Throughout the history
of this site, it has always been my intention to create a ranking system
that did what most people want it to do - show the current strengths of
teams as accurately as possible. It should be noted before I go further
that no ranking system will ever reach 100% accuracy, as this
would mean it was static and teams could never change position. The
whole idea of a ranking system is to create a dynamic list of teams
whose order changes over time based on the results of the matches they
play.
1) - A team's start
rating must be estimated - introducing a great deal of subjectivity
every time a new team enters the ranking.
In recent elo rankings,
for example, Papua New Guinea have been rated higher than Luxembourg.

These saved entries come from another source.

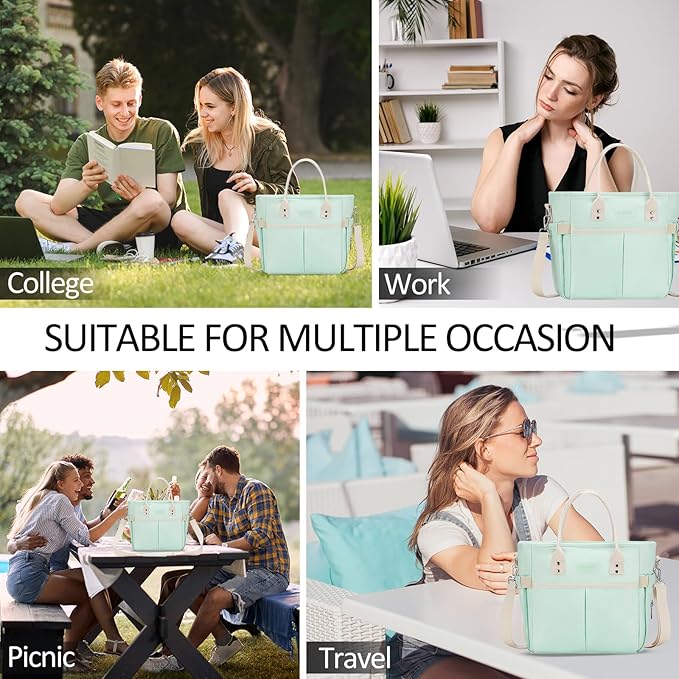 • 【Multifunctional Pockets】- There are 4 pockets on the outside for organizing your personal belongings,making this bag not only a lunch box but also a work bag. Zippered back pocket for cash, cell phone, credit cards,driver's license,etc.Front pocket for iPad, kindle,water bottle,knife and fork.Two side pockets can hold water bottles,umbrellas,napkins.It is an ideal handbag for student,women,work,picnic,and can be used as a cooler bag,diaper bag,grocery bag,etc.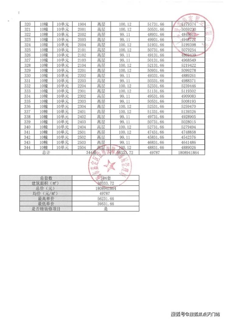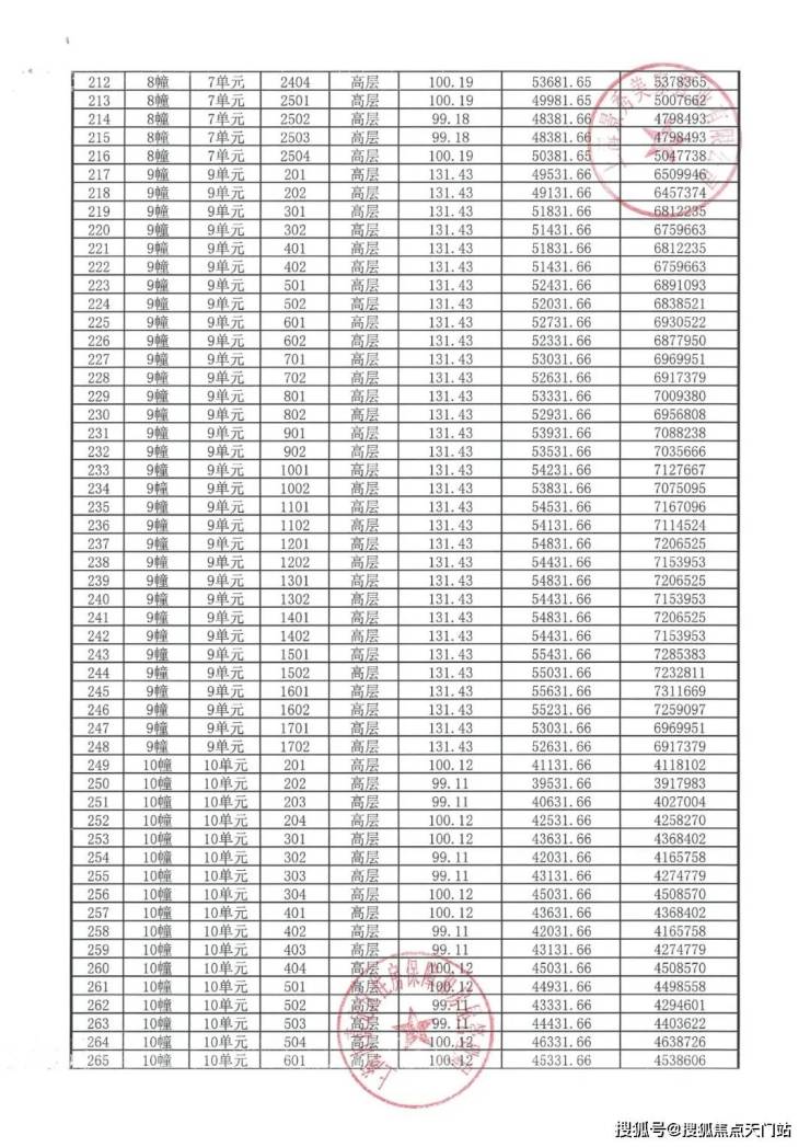 完整一房一价表如下: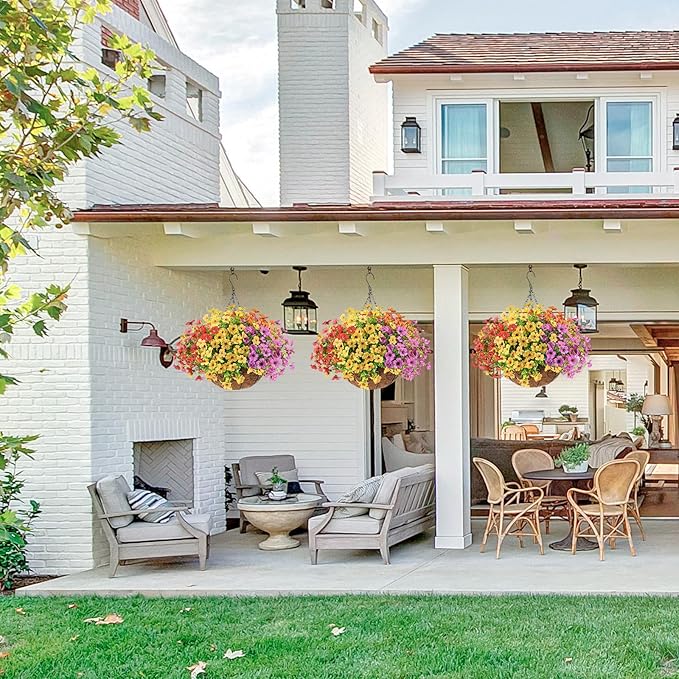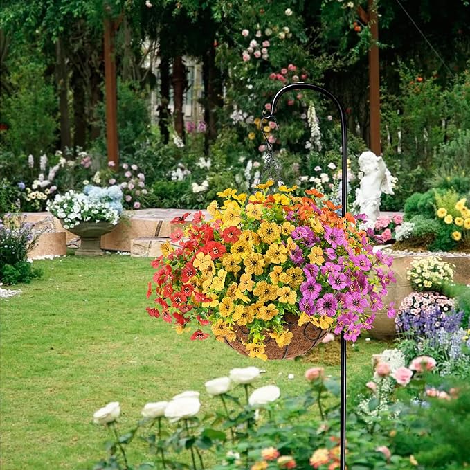 - UV-Resistant: Don't worry about fading โ these artificial hanging outdoor flowers are UV-resistant to keep their vibrancy in the sun.

It is debatable whether Papua New Guinea could hold
France or Germany to
a 3-0 or 4-0 defeat. And it is also debatable whether Luxembourg would
lose 9-0 or 10-0 against Australia. I would certainly think Luxembourg
belonged above Papua New Guinea on current strength, but the cumulative
effect of not awarding teams for 'good' defeats and awarding teams for
poor wins against lowly opposition means that teams like Luxembourg will
always be held ransom by the confederation to which they belong. If
Luxembourg played in the OFC, for example, they would have a much higher
elo rating. This kind of situation led me to seek another way to rank
the teams. |
Without discarding
the elo system altogether (it has its merits), I now use a modified
version of it on the site. The main differences between The Roon Ba
elo formula and the standard elo formula are that matches are
divided into only 2 types - competitive (for regional, continental
and world tournaments) and non-competitive (for friendly matches and
friendly tournaments). A competitive match has twice the weight of
a non-competitive match. Also, the formula has been altered
slightly to allow teams to gain points for losing 'well' and to lose
points for winning 'badly'. This ensures that the ratings change
reflects what is actually the case as shown by the result of the
match - the teams are getting closer together. The third
difference, and perhaps the part that was most difficult to
implement - is the automatic assigning of a start rating for each
team. Only one team is given a start rating (which can be any number - I have generally chosen it to be around 2500 points so as to avoid negative points totals at the bottom of the ranking). From this one team's start rating - all other start ratings can be calculated. Let's use a simple example - say Team A is given a start rating of 2500 points, and in their first match, they draw 1-1 with Team B at a neutral venue. Team B's start rating will thus be 2500, and this rating will be used in the calculation for their next match. If Team B had lost 1-0 to Team A, they would have a lower start rating (let's say 2400). In this way, there is hardly any subjective input at all. The elo system is applied to the entire database of results (from 1872 onwards) and is repeated in 101 iterations to increase the accuracy. One further modification to the assignment of start elo ratings is that the start rating is dynamic until that team has played 10 matches. That is to say, it is not fixed. The elo formula for that team does not start until after its 10th game. Until then, the team is given numerous start ratings, and these start ratings are added together and divided by the number of games that team has played. This allows a team to settle into a more realistic position before their rating is fixed.
|